Name Derived From: "Date Difference "

Used for Determining the difference between two dates or times.

VB Help Description: Returns a Variant (Long) specifying the number of time intervals between two specified dates.

Plain English: Makes adding and subtracting dates easier by allowing you to pass in a start and end date and get difference back. This difference can be in any valid date/time increment (day, week, month, quarter, year, hour, minute, second).

Syntax: X = DateDiff(Interval, StartDateTime, EndDateTime)

Usage:intDayCount = DateDiff("d","01/01/1995", "01/01/2001")

Parameters:

  • Interval - The type of results you want returned. These are: yyyy =Year q =Quarter m =Month y =Day of year d =Day w =Weekday ww =Week h =Hour n =Minute s =Second

  • StartDateTime - Any valid date, time, or datetime combination. Examples: "01/01/2000" , "01/01/2000 12:25 AM" , "16:30"
  • EndDateTime - Same criteria as StartDateTime. This is the data the start date will be subtracted from.

    Copy & Paste Code:

    
    				Dim StartDate As Date
    Dim EndDate As Date
    Dim Interval As String
    StartDate = InputBox ("Start Date:")
    EndDate = InputBox ("End Date:")
    Interval = InputBox ("Return In:s=seconds, m=Minutes h=Hours, d=Days, ww=Weeks, w=WeekDays, yyyy=years" MsgBox DateDiff(Interval, StartDate, EndDate)

    Notes:

    The DateDiff() function is one of the most useful ones VB has to offer. It literally replaces thousands of lines of code, takes in account leap years, knows how many days and weeks are in a month, and many other things that typically trip up home-brewed date code. Let's face it...those Microsoft guys can write some decent code. They went to a lot of trouble to create these functions in lower level languages so we could just call it and get a result back. Besides being much less likely to error out that your own code, it is also exponentially faster since it exists as true bytecode.

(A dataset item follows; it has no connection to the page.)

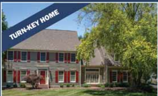
Great Falls $1,150,000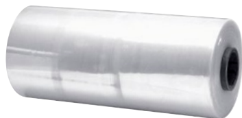
Priced per Roll

    A couple of things to watch out for in the DateDiff() Function are:

  • Times can mess you up. When you call DateDiff without specifying a time (i.e. "01/10/200" instead of "01/01/2000 9:25:00"), DateDiff assumes a time of midnight (00:00:01). This can have the effect of "skipping" a day if you aren't careful. Check your results a few times and adjust your dates or times to make it right. Once you have it, it will always work the same.

  • Switching dates will return negative values. Not a tragedy, but something you should be aware of.

    Well I hope today's newsletter has helped save some newbie coders out there from pulling out clumps of hair over date manipulation. If you need more details on using DateDiff() please let me know.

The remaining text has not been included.